JP2778611B2 - Clock loss detection circuit - Google Patents

Description

DETAILED DESCRIPTION OF THE INVENTION

[0001]

BACKGROUND OF THE INVENTION 1. Field of the Invention The present invention relates to a clock detecting circuit, and more particularly to a clock disconnection detecting circuit for detecting an abnormal state of a clock for synchronously operating a main unit in a digital communication system.

[0002]

2. Description of the Related Art FIG. 4 is a diagram for explaining connection of a clock detection circuit. The main device is, for example, a device such as a digital exchange, and performs a synchronous operation such as data transfer using a clock CLK input from a reference clock source. The clock disconnection detection circuit is connected between the clock supply line and the main device to monitor the clock CLK as shown in the figure, and the clock CLK sent to the main device is changed to a high (H) level for some reason. Or an abnormal state which does not change and remains at the low (L) level. Such an abnormal state of the clock is referred to as “clock cut”. Naturally, such a clock-cut state makes it impossible for the main unit to perform a predetermined synchronous operation, so that a malfunction occurs therein.
Therefore, it is necessary for the clock loss detection circuit to detect such a clock loss early and generate an alarm ALM in the main device.

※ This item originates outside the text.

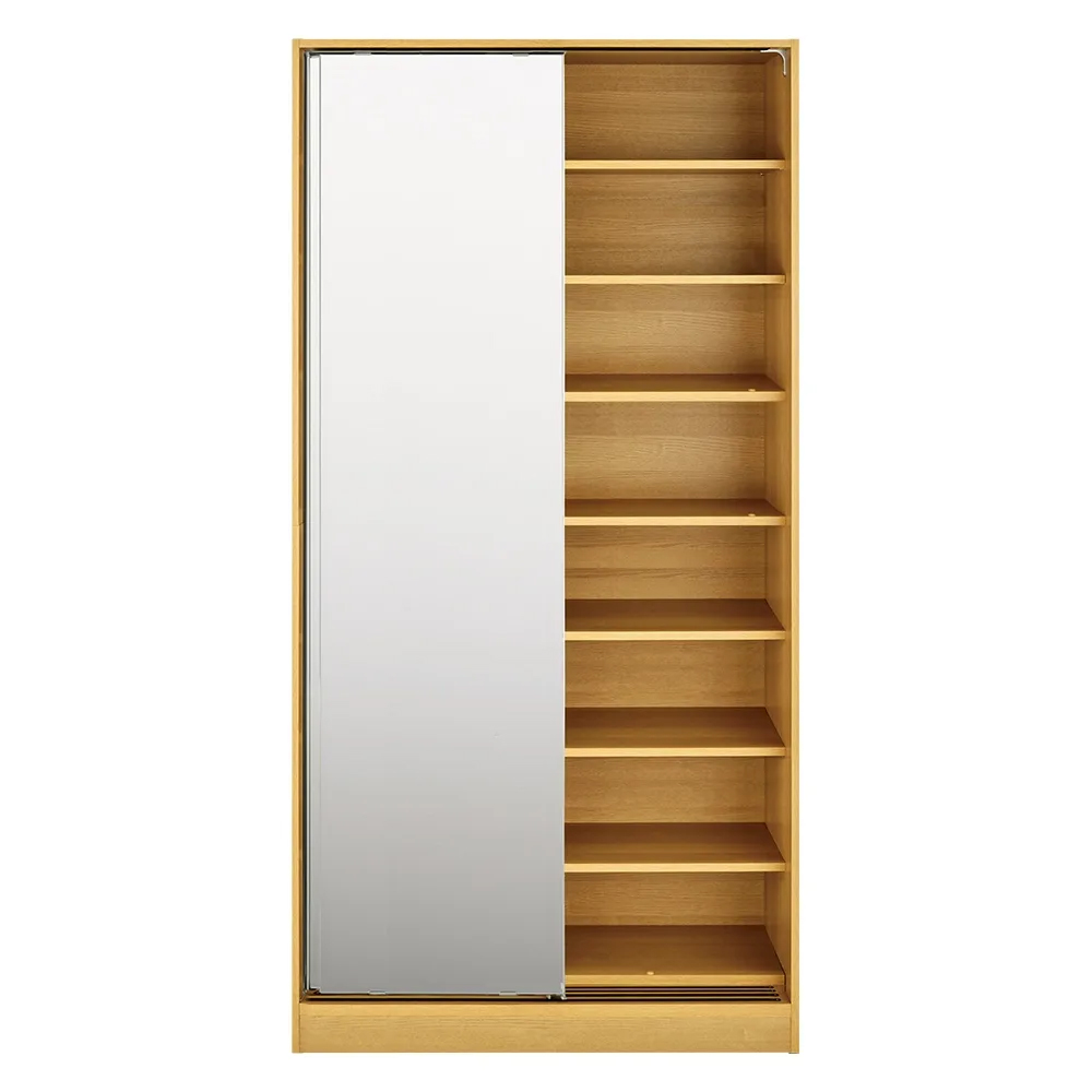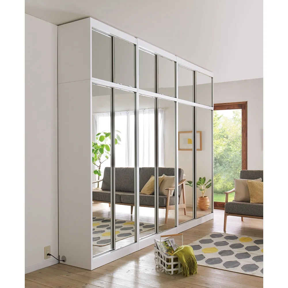 開閉に場所を取らない引き戸ですっきり、省スペースでも大量収納をかなえる壁面収納ユニット家具。棚・テレビ台・デスクの豊富なアイテムから組み合わせを選べます。天井ぴったりに高さオーダーできる別売りの上置きをセットすれば、さらに充実の収納空間が実現します。狭い部屋にも充実の収納を叶える、引き戸式の大量収納!開け閉めに場所を取らない引き戸式なので、手前にソファーや荷物があっても、どかすことなく省スペースで物を出し入れすることができます。ミラー扉タイプを使えば、お部屋を広く演出することも。【POINT 1】スッキリ片付くためのこだわりの工夫がいっぱい●引き戸はローラー付き&レール付きで開け閉めらくらく軽い力でスムーズに扉が開閉できるよう、ローラーとレールが付いています。アルミの取っ手は手を掛けられる範囲が広いのが◎いい意味で目立ちにくいので扉を閉めた状態の見た目も美しいです。●スッキリまとめて配線できるコード穴各アイテム同士は配線穴を通して内部で配線ができ、側面から外部のコンセント電源に繋げられます。アイテムを設置した後でも、配線のセッティングや変更も可能です。テレビ台やオープン引出しタイプには、棚の上下や背面へ繋がるコード穴も装備しています。テレビやデッキ、パソコンやプリンターはもちろん、掃除機を充電しながらしまうこともできます。●棚板は3cm間隔で調整可能収納物に合わせて細かく調整できるよう、棚板の間隔は3cmピッチ。もったいない空間が生まれない、効率収納&大量収納を叶えます。天板の全面が柔らかなアーチ曲線のため、高級感ある仕上がりになっています。【POINT 2】収納庫やテレビ台、上置き収納など商品ラインナップが豊富!タイプ・サイズ・カラーの組み合わせで、81種類と沢山のアイテム数をご用意しました。設置する部屋の雰囲気や収納したいものに合わせてお選びいただけます。●各商品アイテムの紹介・扉タイプ…フラット扉を開けると内部は収納棚になっている一番定番の型になります。 日用品やストック用品、本やCD・DVD、子どものおもちゃやペット用品まで何でもスッキリ収納。・ミラー扉タイプ…扉がミラーになっているのでお部屋を広く美しく演出します。 お出かけ前のちょっとした姿見の鏡としても便利です。収納内部は扉タイプと同じです。・段違い棚タイプ…棚板が前後で分割しているので、無駄なスペースなく効率的に収納できます。 物を前後にしまっても後ろのものが見やすかったり、前側の棚板を外せば長物も入ります。・PCデスク…スライドテーブルを引き出すとキーボードやノートパソコンが使えるパソコンデスクです。 スライドテーブルにはノートPCが収納できます。コンセントが2口付いています。・テレビ台…一般的な高さ約50cmにテレビが設置できるタイプです。コンセントは4口付き テレビ上の空間は無駄にならないよう置けるTVサイズを考慮して収納をつけました。・上置き…各収納庫とテレビ台の上に設置できる、天井までの空間を利用した収納です。 まるで備え付け収納のような、設置したい場所にぴったりを実現するオーダー家具です。 上置きは、高さを26〜90cmの間で1cm単位でオーダーすることができます。 ※対応できる天井高さは、208cm〜272cmまでになるのでご注意ください。○選べるおしゃれな3色のカラー展開・(ア)ホワイトは、お部屋を選ばない透明感のある爽やかさが魅力です。 シンプルでモダンなリビングにぴったりですが、清潔感あるキッチンインテリアにもお勧め。・(イ)ナチュラルは、木目柄が印象的な、明るさと優しさを持ち合わせた色味になります。 人気の北欧風スタイルやナチュラルモダンなインテリアと空間にマッチします。・(ウ)ダークブラウンは、落ち着いた天然木調が印象的。シックなインテリアによく合います。 プライベートルームや書斎で書棚使いとしても重厚感がありおすすめです。
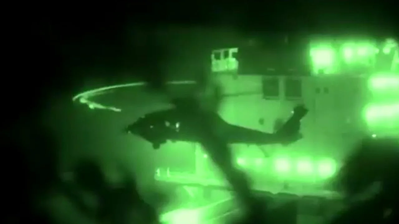 Snimka zaslona Snimke vojnog desanta otkrivaju trenutak visokog rizika dok Washington potvrđuje zapljenu teretnjaka, a Teheran optužuje SAD za piratstvo na otvorenom moru.

FIG. 5 shows an example of a conventional clock disconnection detection circuit. As shown, this circuit has two comparators C
OM1, COM2 and exclusive NOR gate (ENOR)
It consists of. Vref1 and Vref2 are reference voltages supplied to one input of the comparator. The clock CLK corresponds to the input clock of FIG. 4, and the alarm ALM is supplied to the main unit when detecting the clock loss.

As will be described later, the comparators COM1, COM1,
Based on the magnitude relationship between the negative potential V of COM2 and each of the reference voltages Vref1 and Vref2, it is determined whether the clock is normal, abnormal at H level, or abnormal at L level. In the case of the above two abnormalities, the alarm ALM is issued from the ENOR gate. Also, as described later, depending on the type of the gate circuit, the alarm A is set at the H level.
It is possible to distinguish between issuing the LM or issuing the alarm ALM at the L level.

FIG. 6 is an explanatory diagram of alarm issuance / non-issuance of the configuration of FIG. As an initial condition, the potential V is Vref1 and Vre
It is set to the midpoint of f2. Under these conditions,
When the clock CLK is normally input in the form of repeating H / L as shown, the potential at point V is Vref1
Because it is at the midpoint of Vref2 (where Vref1> Vref2),
One input A1 of the ENOR gate is at the H level, the other input A2 is at the L level, the output of the ENOR gate is at the L level, and the alarm ALM is not issued (is not issued).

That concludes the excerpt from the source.